Historical population
| Census | Pop. | Note | %± |
| 1910 | 309 |  | — |
| 1920 | 372 |  | 20.4% |
| 1930 | 377 |  | 1.3% |
| 1940 | 345 |  | −8.5% |
| 1950 | 1,027 |  | 197.7% |
| 1960 | 857 |  | −16.6% |
| 1970 | 824 |  | −3.9% |
| 1980 | 679 |  | −17.6% |
| 1990 | 497 |  | −26.8% |
| 2000 | 383 |  | −22.9% |
| 2010 | 417 |  | 8.9% |
| 2020 | 326 |  | −21.8% |
U.S. Decennial Census 2013 Estimate

===Racial and ethnic composition===

Thomaston town, Alabama – Racial and ethnic composition Note: the US Census treats Hispanic/Latino as an ethnic category. This table excludes Latinos from the racial categories and assigns them to a separate category. Hispanics/Latinos may be of any race.
| Race / Ethnicity (NH = Non-Hispanic) | Pop 2000 | Pop 2010 | Pop 2020 | % 2000 | % 2010 | % 2020 |
|---|---|---|---|---|---|---|
| White alone (NH) | 184 | 183 | 164 | 48.04% | 43.88% | 50.31% |
| Black or African American alone (NH) | 190 | 222 | 159 | 49.61% | 53.24% | 48.77% |
| Native American or Alaska Native alone (NH) | 0 | 6 | 0 | 0.00% | 1.44% | 0.00% |
| Asian alone (NH) | 0 | 2 | 0 | 0.00% | 0.48% | 0.00% |
| Native Hawaiian or Pacific Islander alone (NH) | 0 | 0 | 0 | 0.00% | 0.00% | 0.00% |
| Other race alone (NH) | 0 | 0 | 0 | 0.00% | 0.00% | 0.00% |
| Mixed race or Multiracial (NH) | 0 | 3 | 3 | 0.00% | 0.72% | 0.92% |
| Hispanic or Latino (any race) | 9 | 1 | 0 | 2.35% | 0.24% | 0.00% |
| Total | 383 | 417 | 326 | 100.00% | 100.00% | 100.00% |

===2020 census===

As of the census of 2000, there were 383 people, 163 households, and 105 families residing in the town. The population density was 190.3 PD/sqmi. There were 212 housing units at an average density of 105.3 /sqmi. The racial makeup of the town was 50.13% Black or African American, 48.56% White, and 1.31% from two or more races. 2.35% of the population were Hispanic or Latino of any race.

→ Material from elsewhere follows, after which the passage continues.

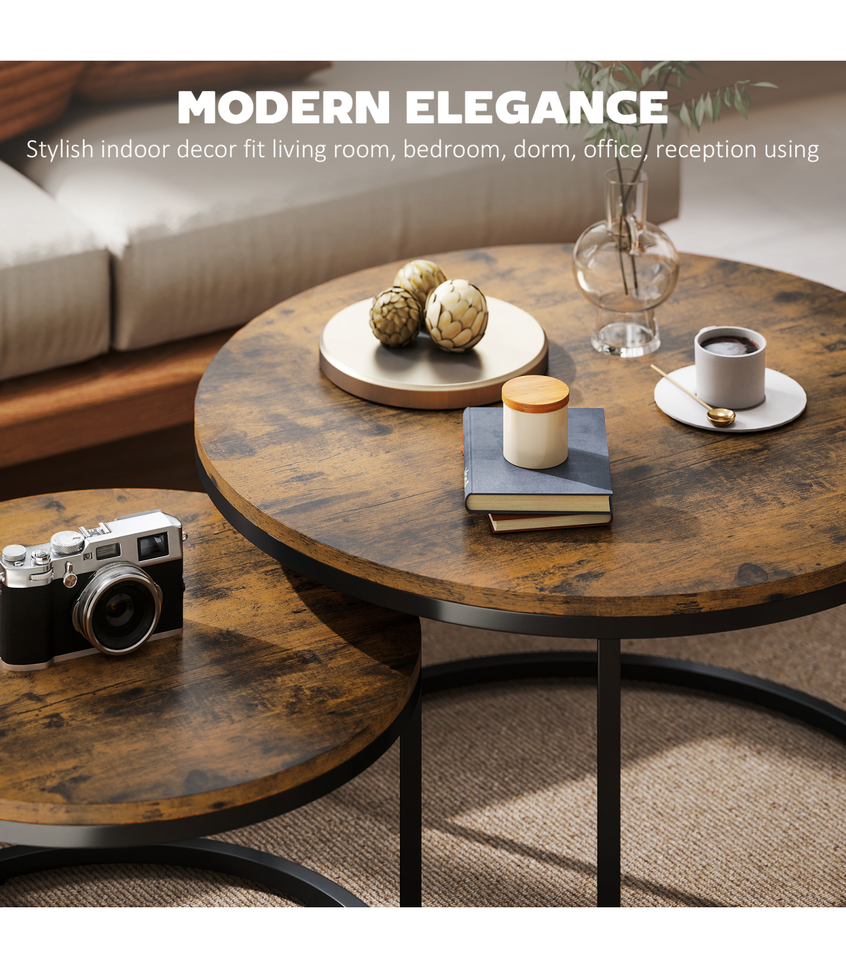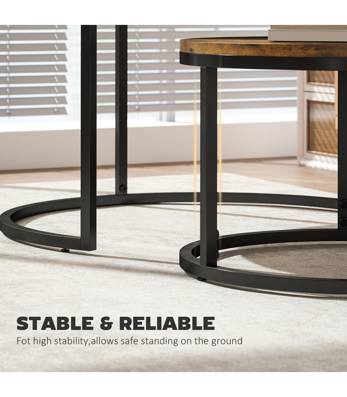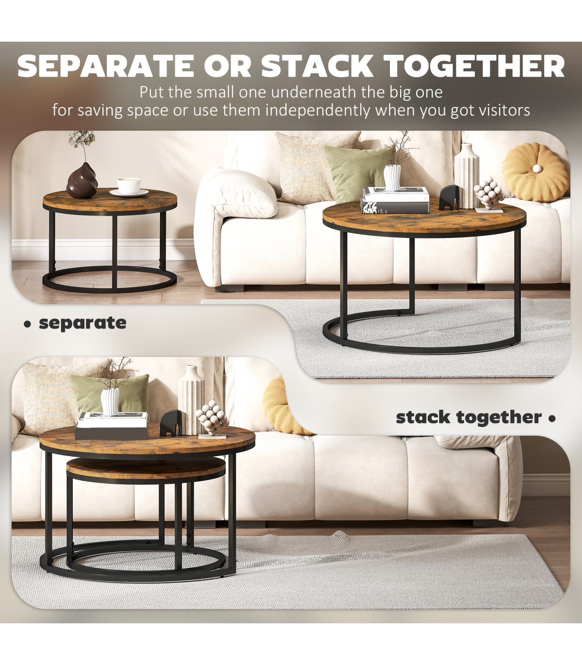 HOMCOM 2 Pcs Stacking Coffee Table Set with Steel Frame, Rustic Brown
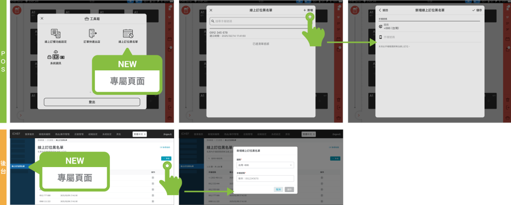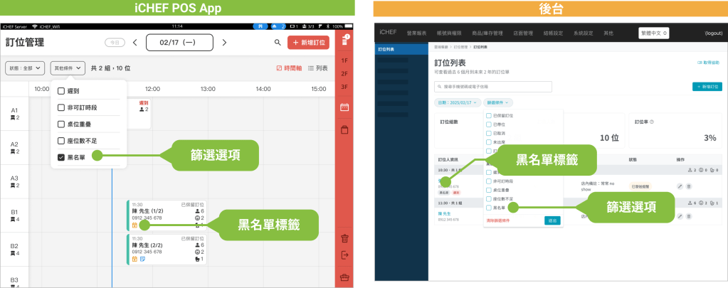 線上訂位黑名單是透過「手機號碼」進行判斷,與「顧客資訊管理」並未連動,且資訊僅顯示於 POS 與後台。

There were 163 households, out of which 27.0% had children under the age of 18 living with them, 39.9% were married couples living together, 23.3% had a female householder with no husband present, and 35.0% were non-families. 33.7% of all households were made up of individuals, and 25.2% had someone living alone who was 65 years of age or older. The average household size was 2.35 and the average family size was 3.01.

In the town, the population was spread out, with 24.0% under the age of 18, 9.4% from 18 to 24, 24.0% from 25 to 44, 20.6% from 45 to 64, and 21.9% who were 65 years of age or older. The median age was 40 years. For every 100 females, there were 79.0 males. For every 100 females age 18 and over, there were 69.2 males.

The median income for a household in the town was $25,972, and the median income for a family was $31,250. Males had a median income of $32,404 versus $21,750 for females. The per capita income for the town was $13,390. About 22.1% of families and 29.2% of the population were below the poverty line, including 43.2% of those under age 18 and 33.8% of those age 65 or over.

==Education==
Amelia L. Johnson High School is a small public school in Thomaston serving students from PK to high school. It is one of three high schools in Marengo County School District. Most of its students are African American and economically disadvantaged.

==Government==
Thomaston is governed by an elected mayor and council of five. Police protection is provided by the Thomaston Police Department. Thomaston has a small volunteer fire department. A rural health clinic is located in Thomaston and can handle small emergencies. It is open weekdays to offer medical care.